Oven-baked eggs with cottage cheese and colorful vegetables. High-protein, gluten-free, and ideal for easy meal prep breakfasts.
# What You’ll Need:
→ Eggs & Dairy
01 - 10 large eggs
02 - 1.5 cups low-fat cottage cheese
03 - 0.25 cup milk, dairy or unsweetened plant-based
→ Vegetables
04 - 1 cup cherry tomatoes, halved
05 - 1 cup baby spinach, roughly chopped
06 - 0.5 cup red bell pepper, diced
07 - 0.5 cup zucchini, diced
08 - 0.25 cup red onion, finely chopped
→ Seasonings
09 - 0.5 teaspoon salt
10 - 0.25 teaspoon black pepper
11 - 0.5 teaspoon dried oregano or Italian seasoning
12 - Pinch of chili flakes, optional
→ Garnish
13 - 2 tablespoons fresh chives or parsley, chopped
# Step-by-Step Guide:
01 - Preheat oven to 375°F. Lightly grease a 13x9 inch rimmed baking sheet with nonstick spray or line with parchment paper.
02 - In a large mixing bowl, whisk together eggs, cottage cheese, and milk until smooth and slightly frothy.

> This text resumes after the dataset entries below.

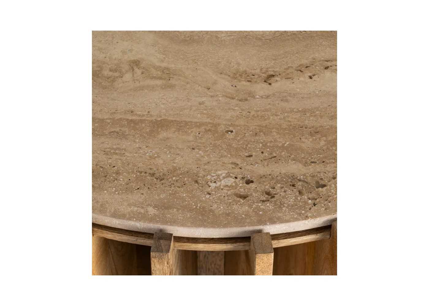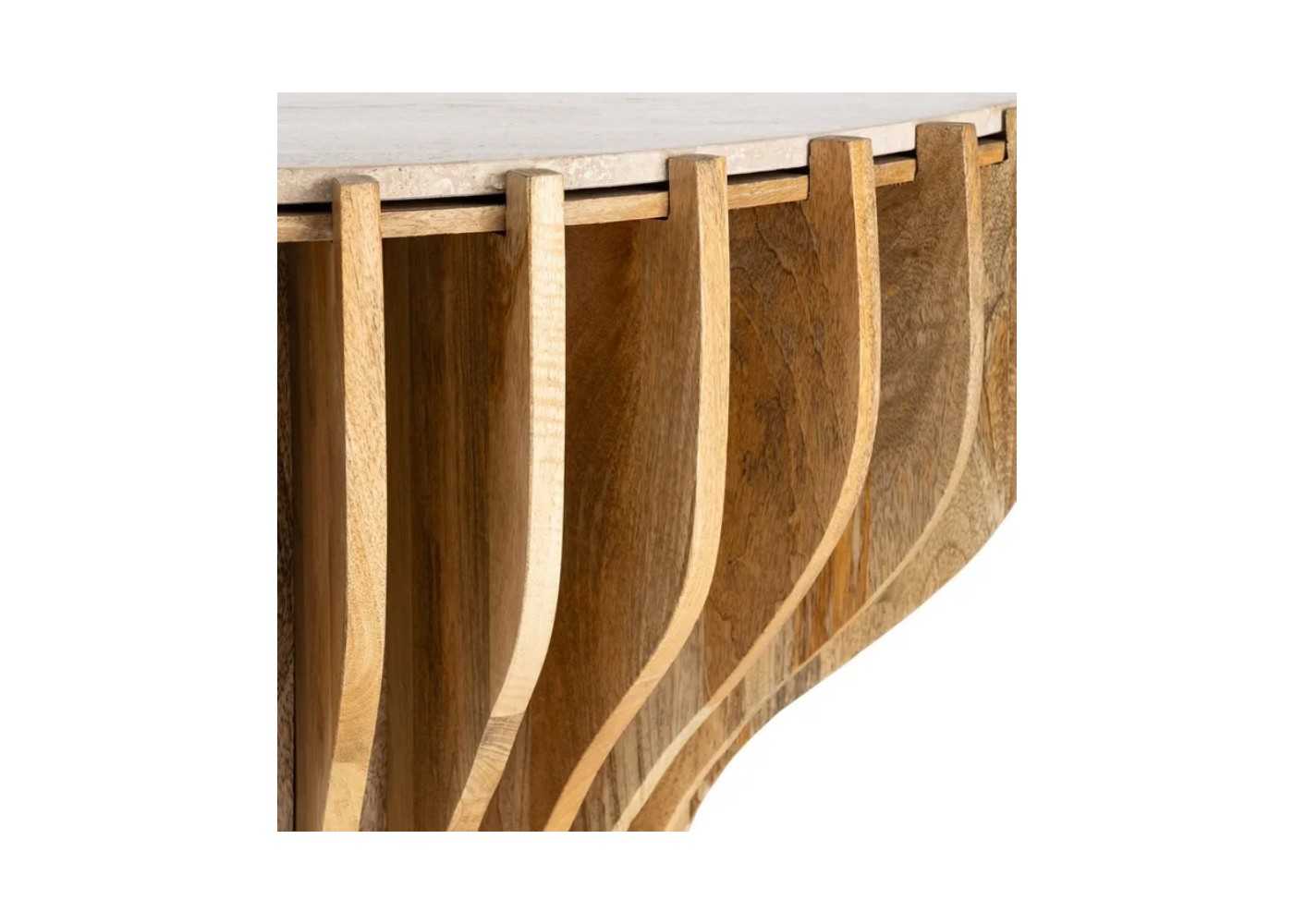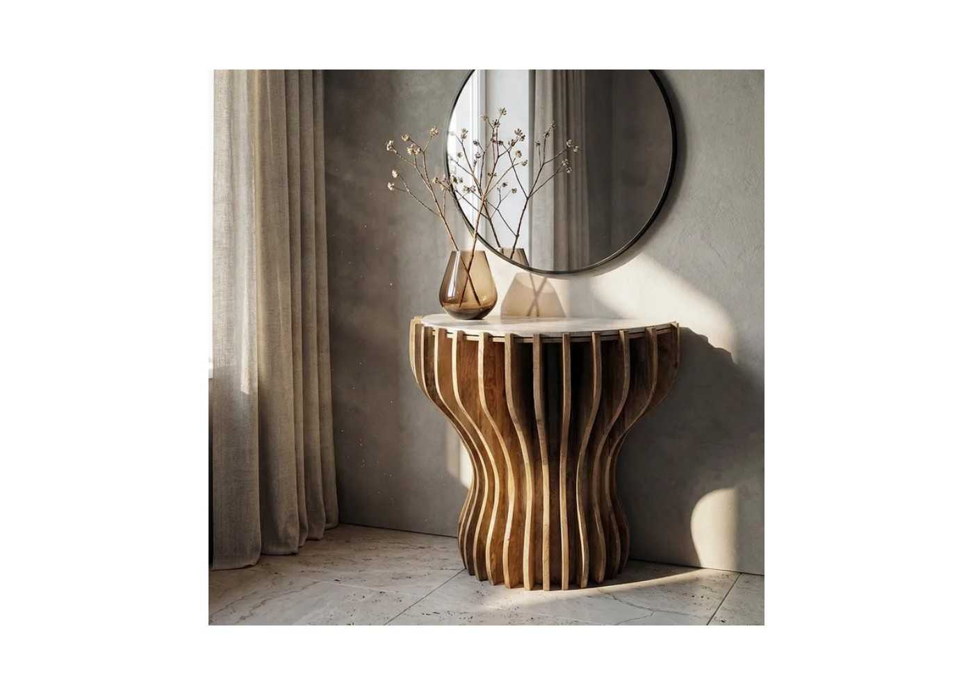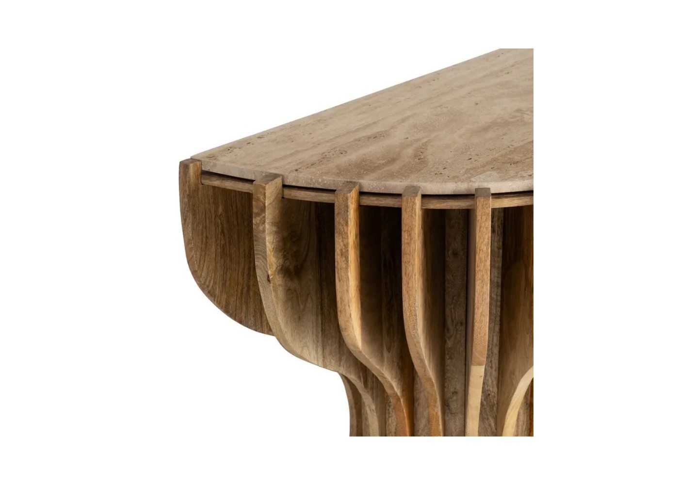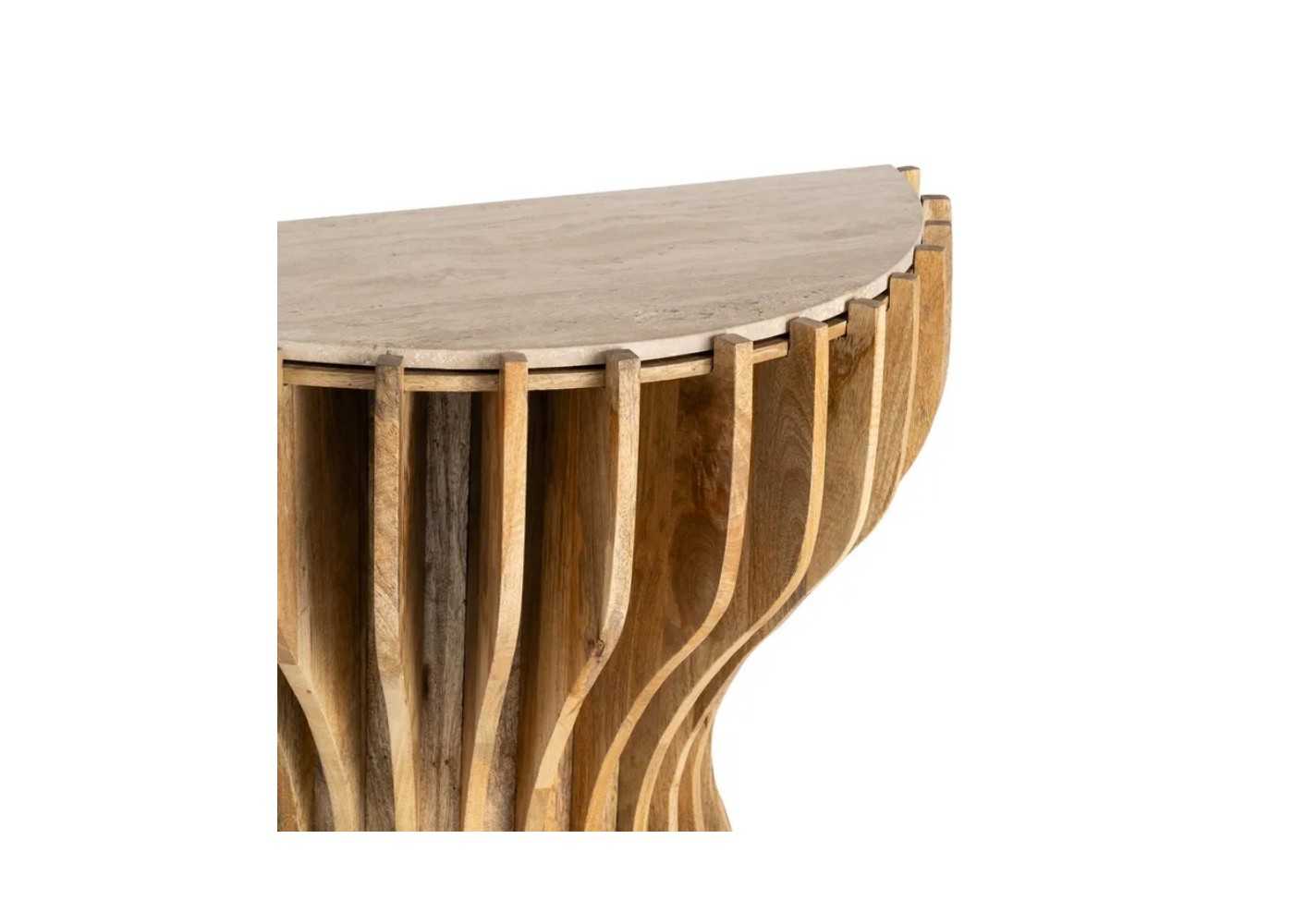 Original solid mango wood console with a light brown marble top with dark brown veining.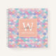 Modern Monogram Pretty Mermaid Orange Sketchbook Notebook. Personalized notebook. Mermaid pattern designed by brgfx.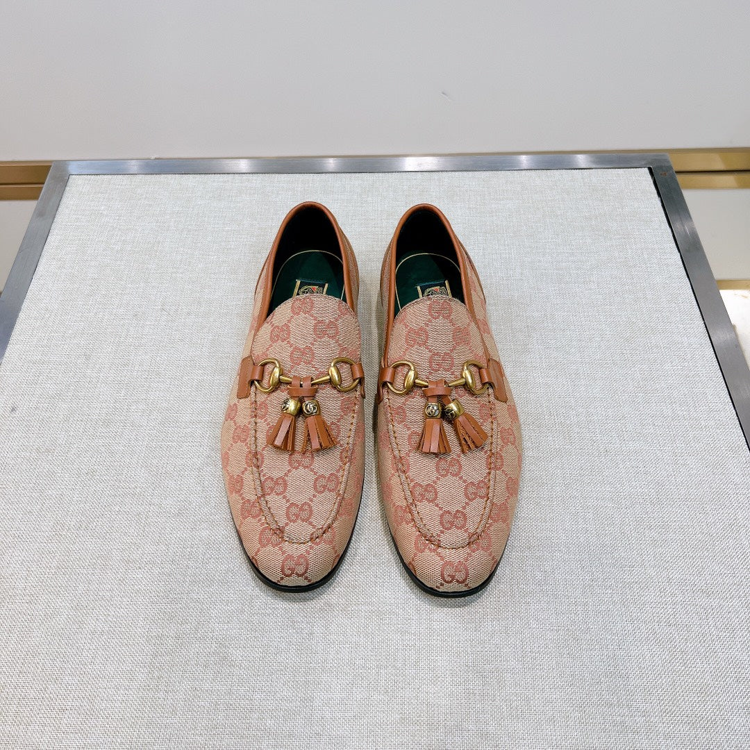 GG Men's Tassel Loafer Pink Canvas Calfskin 361365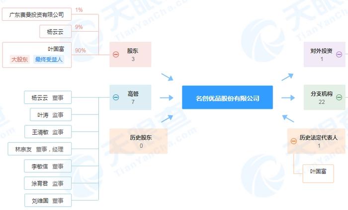 曾經(jīng)的“哎呀呀”已經(jīng)成了時代的眼淚,但在2013年,一個更強(qiáng)的名創(chuàng)優(yōu)品誕生了。天眼查顯示,名創(chuàng)優(yōu)品股份有限公司(簡稱“名創(chuàng)優(yōu)品”)的曾用名是哎呀呀飾品連鎖股份有限公司(簡稱“哎呀呀”),大股東、最終受益人是葉國富,其持股比例高達(dá)90%。

03 - Stir in salt, pepper, and dried herbs until well incorporated.
04 - Add cherry tomatoes, spinach, bell pepper, zucchini, and red onion. Mix gently to combine without breaking down vegetables.
05 - Pour the egg mixture evenly onto the prepared baking sheet. Gently tap the pan on the counter to settle the mixture and remove air pockets.
06 - Bake for 22 to 25 minutes, or until the eggs are just set in the center and lightly golden around the edges.
07 - Remove from oven and allow to cool for 5 minutes. Slice into squares and garnish with fresh chives or parsley.
08 - Serve warm or at room temperature. Store leftovers in an airtight container in the refrigerator for up to 4 days.